## [DATA TO EXAMINE]
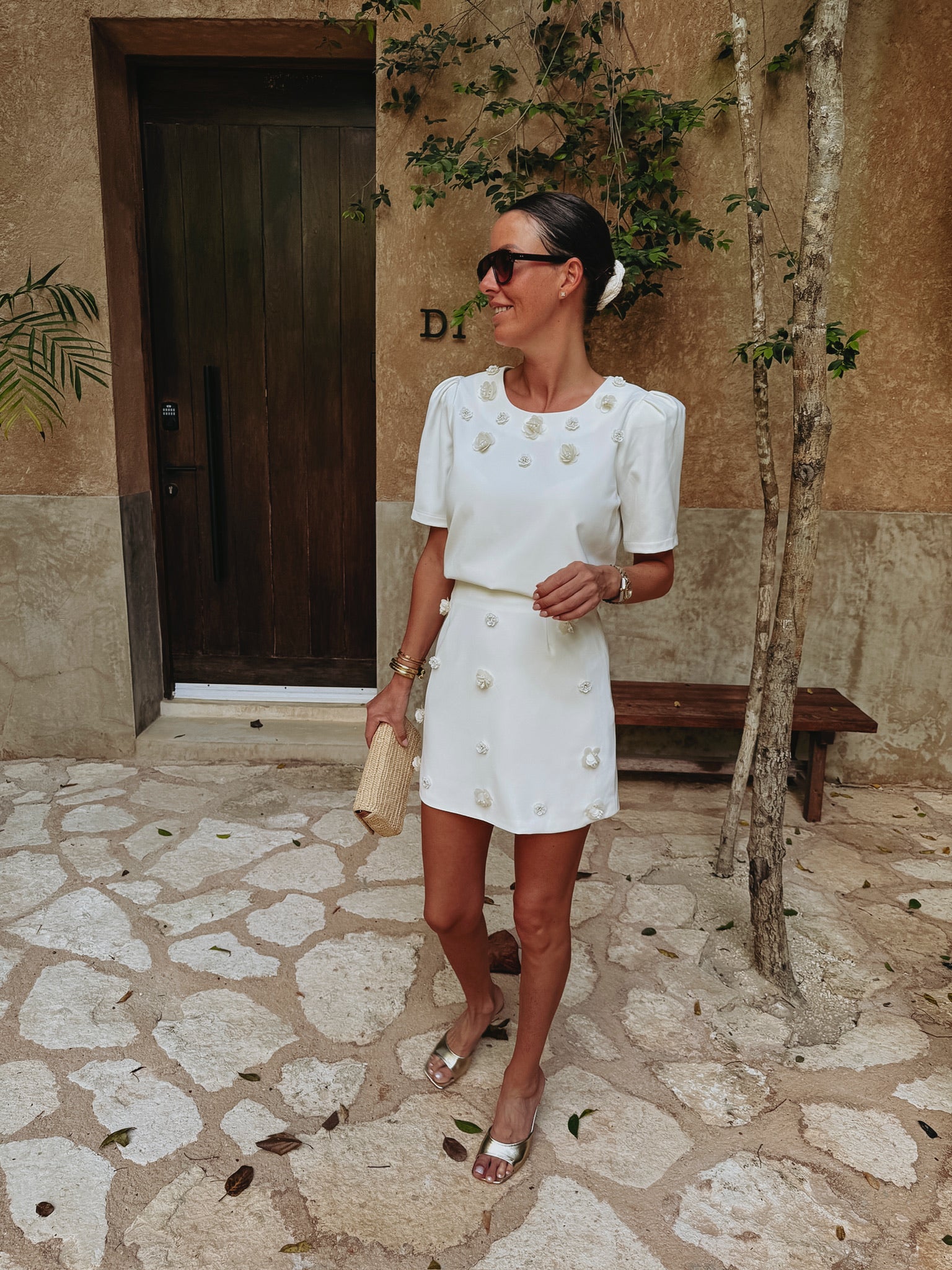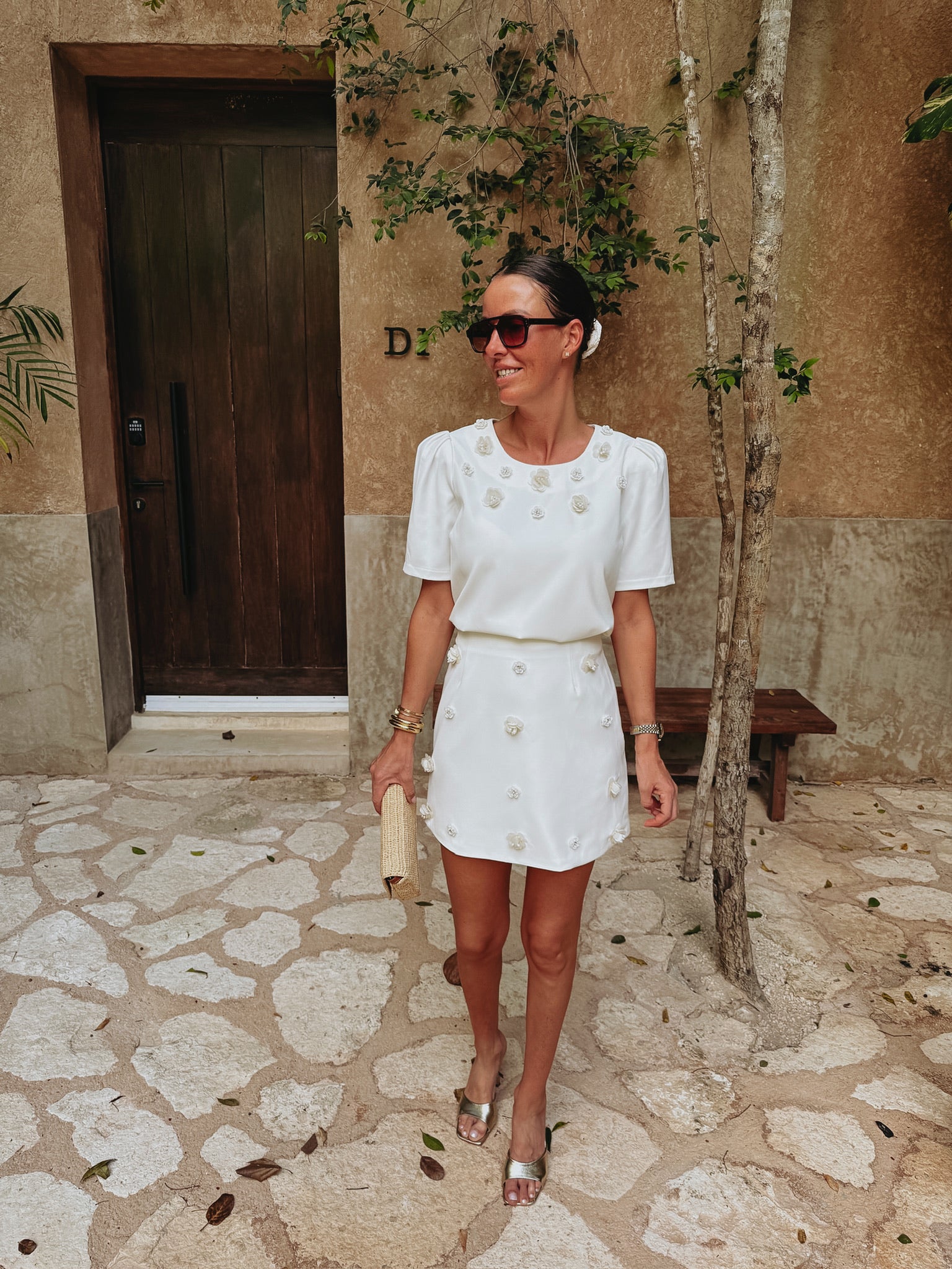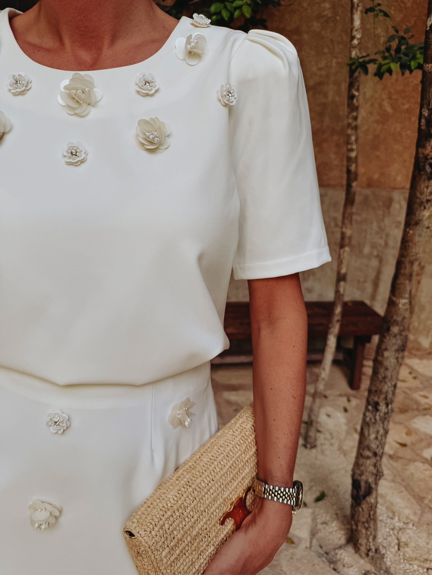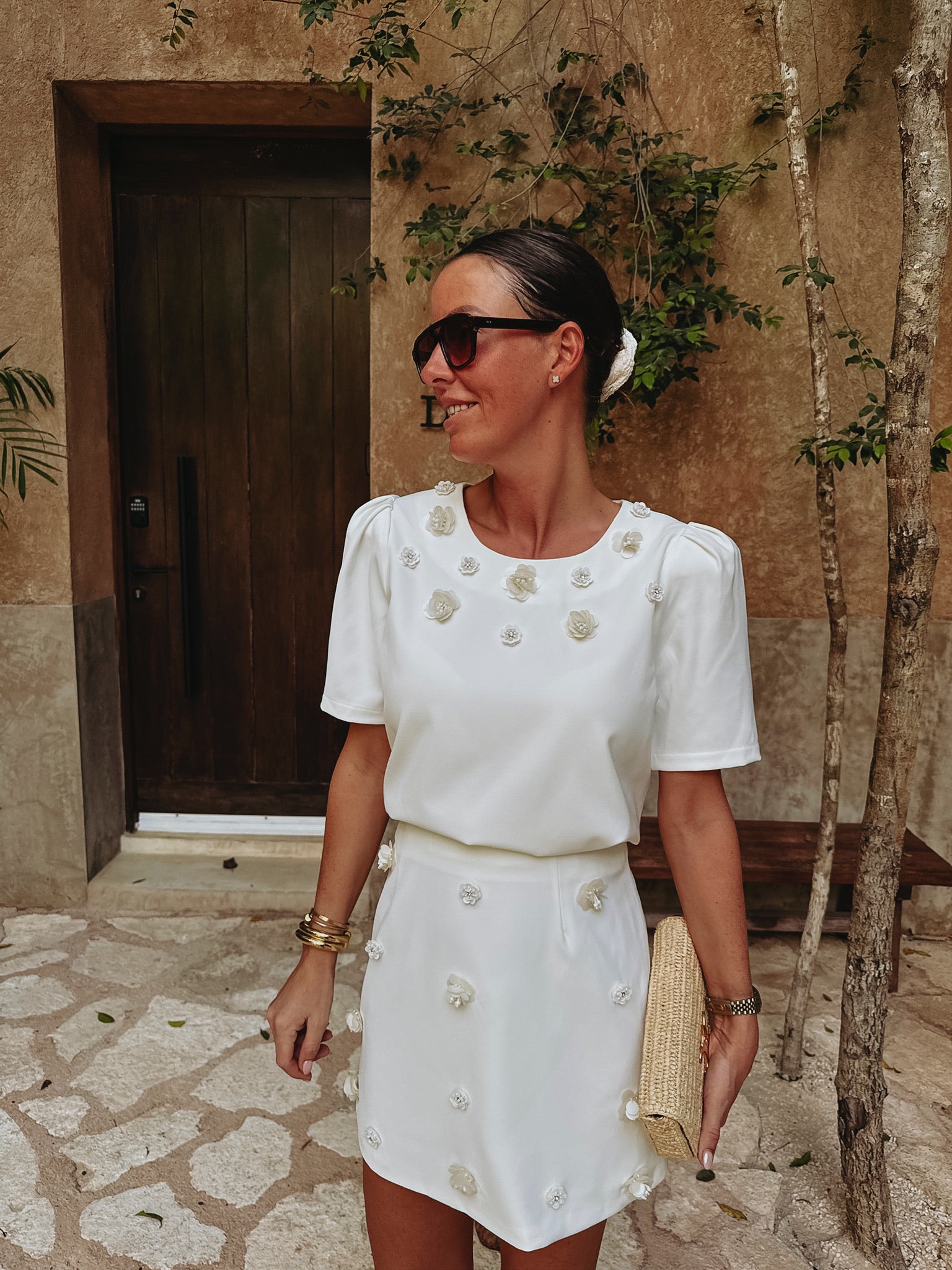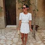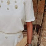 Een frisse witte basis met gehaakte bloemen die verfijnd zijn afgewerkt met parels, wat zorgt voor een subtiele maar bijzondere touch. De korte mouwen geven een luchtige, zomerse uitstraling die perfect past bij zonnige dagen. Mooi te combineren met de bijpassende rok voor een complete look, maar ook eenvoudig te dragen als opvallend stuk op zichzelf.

...

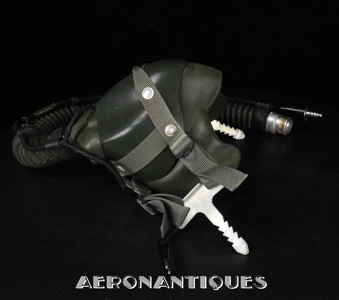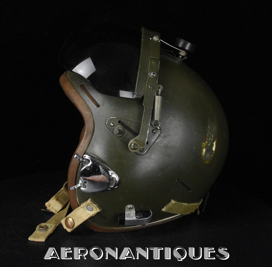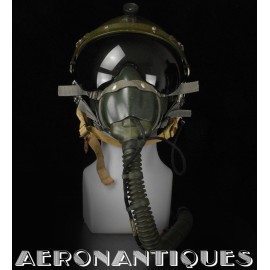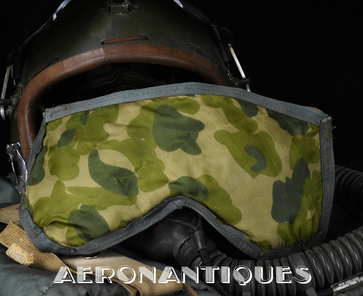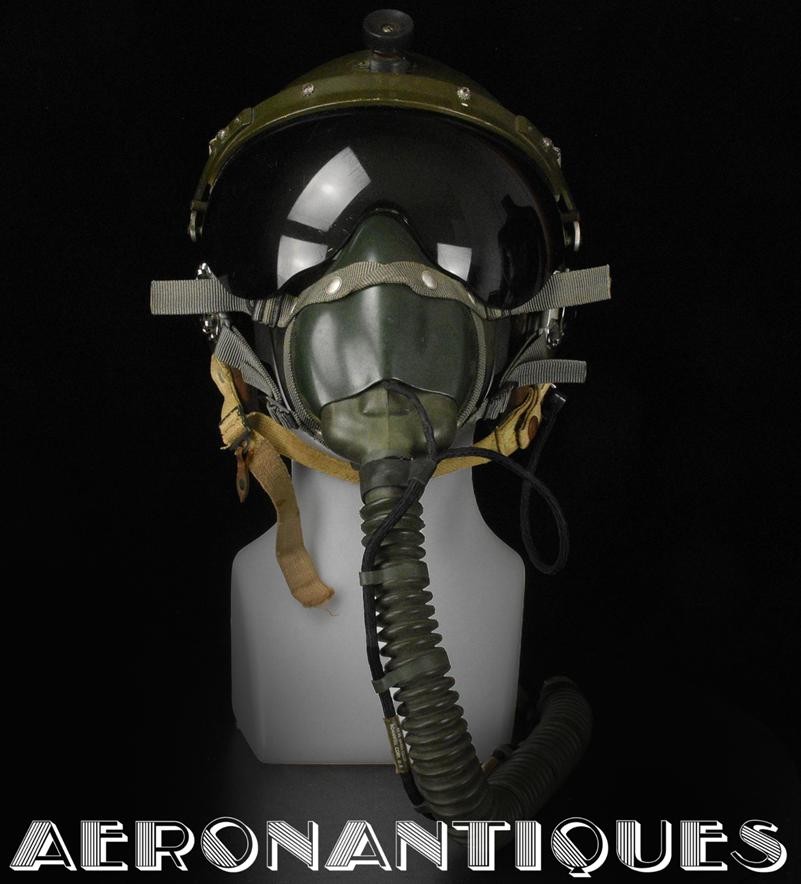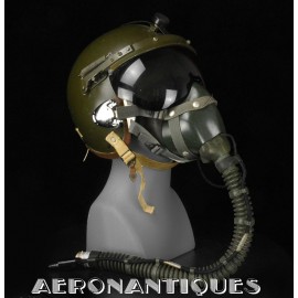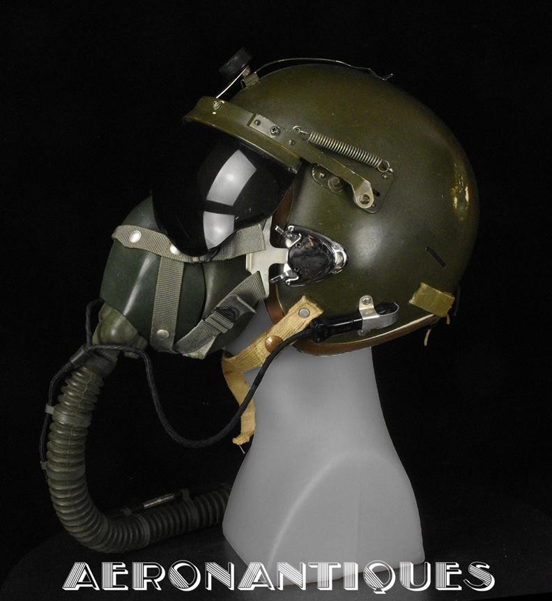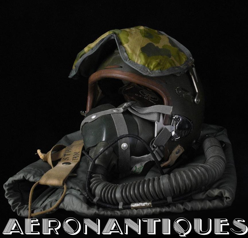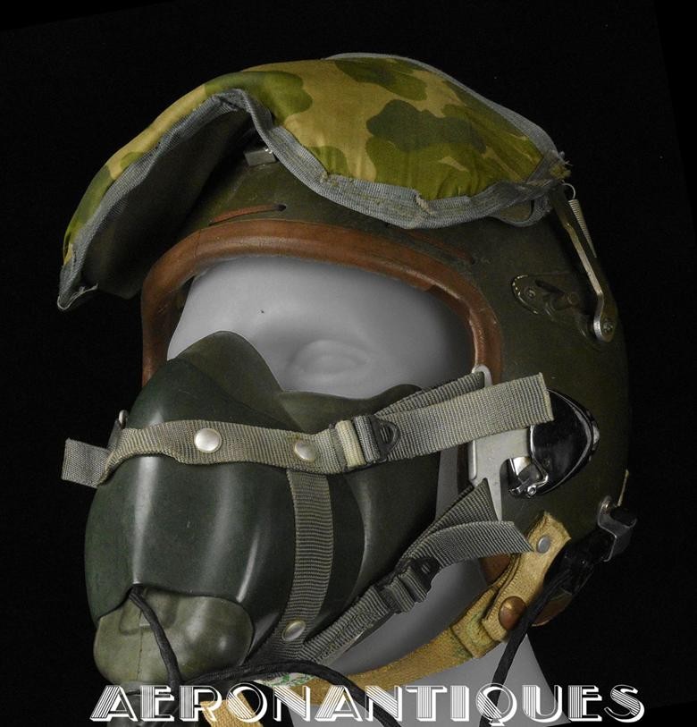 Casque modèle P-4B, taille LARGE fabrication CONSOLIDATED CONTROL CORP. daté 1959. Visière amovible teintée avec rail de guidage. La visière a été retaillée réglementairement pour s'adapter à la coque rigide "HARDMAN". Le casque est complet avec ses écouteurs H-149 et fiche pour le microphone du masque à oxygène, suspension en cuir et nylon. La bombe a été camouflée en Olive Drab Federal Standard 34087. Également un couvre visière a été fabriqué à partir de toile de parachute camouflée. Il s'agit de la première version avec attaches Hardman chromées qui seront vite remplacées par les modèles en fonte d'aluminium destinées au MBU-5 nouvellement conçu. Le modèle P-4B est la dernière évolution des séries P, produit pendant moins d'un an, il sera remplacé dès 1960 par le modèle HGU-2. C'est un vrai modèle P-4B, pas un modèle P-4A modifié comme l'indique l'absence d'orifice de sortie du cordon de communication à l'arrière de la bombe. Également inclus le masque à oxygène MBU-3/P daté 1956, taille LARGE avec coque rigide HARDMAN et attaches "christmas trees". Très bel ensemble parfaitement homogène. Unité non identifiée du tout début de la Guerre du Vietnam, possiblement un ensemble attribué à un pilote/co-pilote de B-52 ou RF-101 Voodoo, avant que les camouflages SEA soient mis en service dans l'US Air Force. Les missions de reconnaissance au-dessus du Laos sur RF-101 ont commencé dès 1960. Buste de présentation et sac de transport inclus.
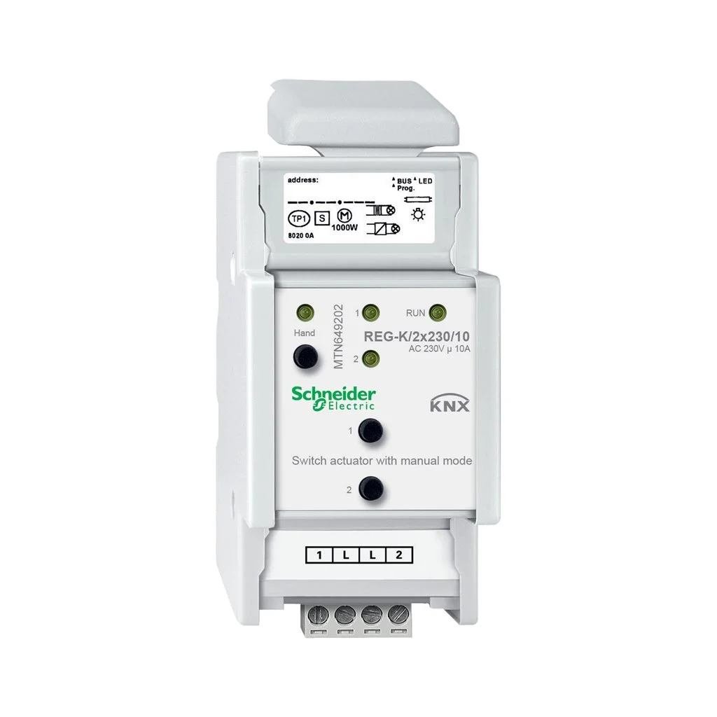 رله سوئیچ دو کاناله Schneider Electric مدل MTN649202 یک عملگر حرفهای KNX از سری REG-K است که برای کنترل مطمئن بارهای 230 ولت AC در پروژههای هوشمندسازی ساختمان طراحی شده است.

==

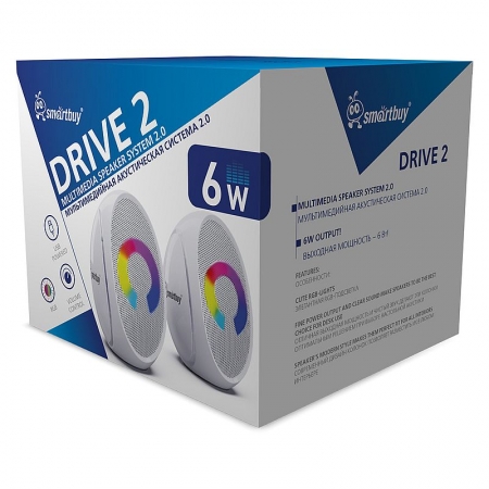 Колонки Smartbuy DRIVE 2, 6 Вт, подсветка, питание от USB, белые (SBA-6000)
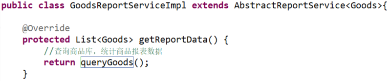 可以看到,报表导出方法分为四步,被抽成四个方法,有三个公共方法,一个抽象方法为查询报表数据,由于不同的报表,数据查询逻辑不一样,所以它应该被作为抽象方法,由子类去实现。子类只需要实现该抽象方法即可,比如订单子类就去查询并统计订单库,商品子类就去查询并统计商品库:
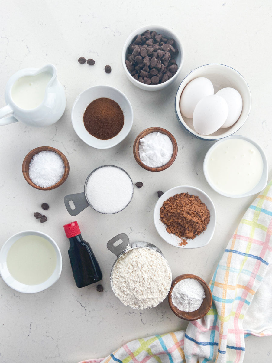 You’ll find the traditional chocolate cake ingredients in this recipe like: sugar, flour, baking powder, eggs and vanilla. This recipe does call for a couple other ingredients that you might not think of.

## [EXERCISE DETAILS]
Keep to the lines above from the line with "可以看到,报表导出方法分为四" to the line with "You’ll find the", and set down exactly those, inclusive, with nothing else and every picture left out.

## [WRITTEN SOLUTION]
 可以看到,报表导出方法分为四步,被抽成四个方法,有三个公共方法,一个抽象方法为查询报表数据,由于不同的报表,数据查询逻辑不一样,所以它应该被作为抽象方法,由子类去实现。子类只需要实现该抽象方法即可,比如订单子类就去查询并统计订单库,商品子类就去查询并统计商品库:
 You’ll find the traditional chocolate cake ingredients in this recipe like: sugar, flour, baking powder, eggs and vanilla. This recipe does call for a couple other ingredients that you might not think of.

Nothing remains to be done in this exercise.